The five most frequent contacts in the bacterial analysis (Author response image 2, left) are reported in Author response table 3. We observe that the four first contacts (denoted by (*) in the table) are among the first five contacts predicted in the complete dataset. These observations support the idea that the coevolutionary signal that we observe in the complete dataset stems from the bacterial sequences in our sample. We added these results, based on separate bacterial and eukaryotic sequences to the manuscript (Figure 3—figure supplement 1) and commented on them in the main text.

Author response table 3

Five most frequent contacts in the coevolutionary analysis restricted to bacterial sequences. Contacts denoted by (*) are among the five first predicted contacts in the full dataset.

https://doi.org/10.7554/eLife.23471.034
ContactFrequency
D208 – K26 (*)1
N187 – K23 (*)1
T189 – R19 (*)0.83
L392 – A29 (*)0.81
V215 – Y540.75

3) Apart from the seed, it is also not clear if eventually non-bacterial sequences were removed from the final MSA. If you did not do so, it would be very important to present the same analysis only on bacterial sequences and discuss differences in the inference (if any).
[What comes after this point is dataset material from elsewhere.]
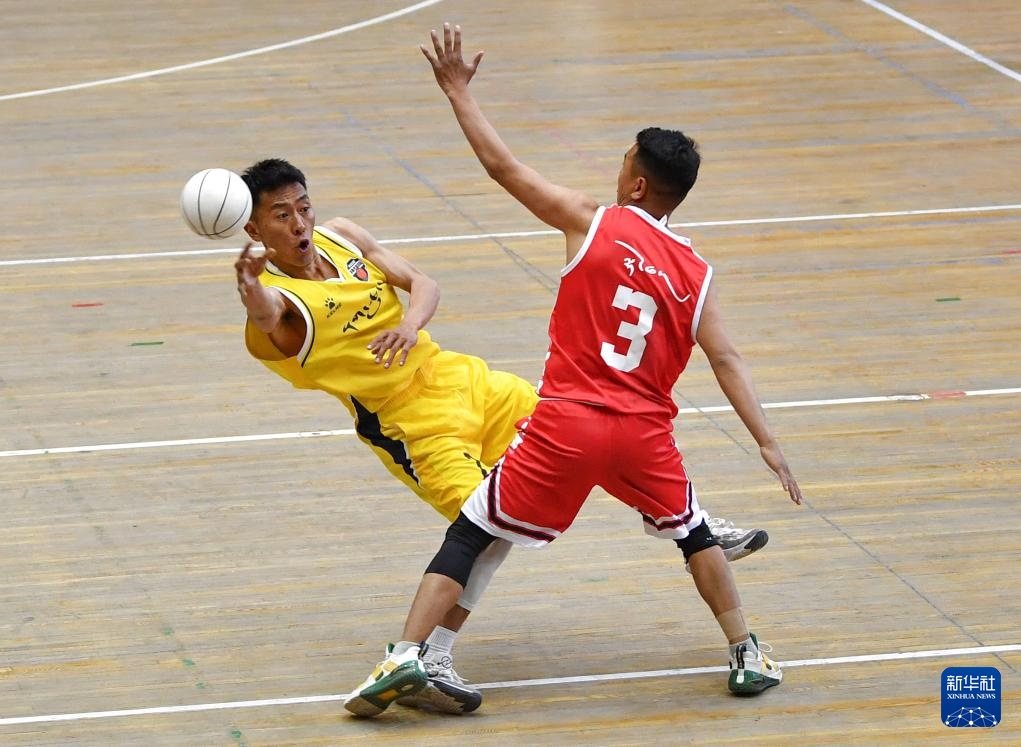 5月14日,那曲队次仁多吉(左)在比赛中传球。新华社记者 晋美多吉 摄

On a related note, it would be interesting to verify your claim that the statistics over repeated random matchings is informative, by applying your method to PPI treated in past work where the operon-based matching is known. This will provide insights into the generalizability of the approach to other protein systems lacking operons. The same problem has been recently addressed by two papers by Bitbol et al. and by Gueudre et al. in PNAS (2016). Both propose rather involved matching schemes. Would the application of your methods improve the results? In case these papers provide their codes, this would be an easy analysis to be added. The paper has applied the selection criteria of Hopf et al., 2014 with a cutoff of 0.8. The quantity subject to this cutoff is not mentioned. Why should the cutoff established for operonic matchings be applicable to random matchings? We are rather surprised (positively) that a random matching produces similarly strong signal.
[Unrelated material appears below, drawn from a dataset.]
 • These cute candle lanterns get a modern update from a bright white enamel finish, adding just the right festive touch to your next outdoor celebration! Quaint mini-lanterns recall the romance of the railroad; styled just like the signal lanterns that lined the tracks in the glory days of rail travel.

We addressed above (point 2) the question regarding the consequences of limiting the DCA analysis to bacterial (or non-bacterial) sequences. For the sake of clarity, we discuss here the application of our random matching algorithm to an alternative system as requested by the reviewers. Please find below our considerations about the application of the IPA (Iterative Pairing Algorithm, IPA, Bitbol et al.) and PPM (Progressive Paralog Matching, PPM, Guedré et al.) schemes to the Hsp40/Hsp70 case (point 4) and the selection criteria (point 5).
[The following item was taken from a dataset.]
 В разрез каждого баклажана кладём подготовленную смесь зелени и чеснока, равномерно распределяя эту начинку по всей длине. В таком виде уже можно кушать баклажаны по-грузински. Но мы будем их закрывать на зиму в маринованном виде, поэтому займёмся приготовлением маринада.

We want to stress that the scope of our work is to investigate Hsp70/Hsp40 interactions and not to propose a novel, general approach to investigate PPIs where operon based matching is not available. However, we are pleased by the fact that the reviewers are positively surprised by the results obtained with the random matching algorithm proposed here and we tried to address their curiosity about its generalizability to other systems. Following their suggestion, we assessed the robustness of the random matching strategy by performing the same analysis on the bacterial two-component system HK-RR, which was used by both Guedré et al., and by Bitbol et al. as a benchmark and validation set. Unfortunately, we could not access the MSAs used in these two studies that apparently were not made publicly available. We then reconstructed them following the procedure for the data extraction and preprocessing described in the work by Bitbol et al. and briefly summarized here:

Two component systems sequences were retrieved from the P2CS database. We retained sequences belonging to the Pfam domain profiles of the Histidine Kinase (HisKA, PF00512) or the Response Regulator (Response_reg, PF00072). After removing organisms containing a single pair of HK/RR and removing hybrid and unorthodox sequences, the interacting partners were retrieved as adjacent HK and RR on the genome. Finally, a reduced dataset is under-sampled, by extracting randomly 459 organisms (see Bitbol et al.). All organisms possessing a single pair of HK-RR are discarded. We verified that the average number of paralogs and the distribution of number of paralogs match with those presented in their work.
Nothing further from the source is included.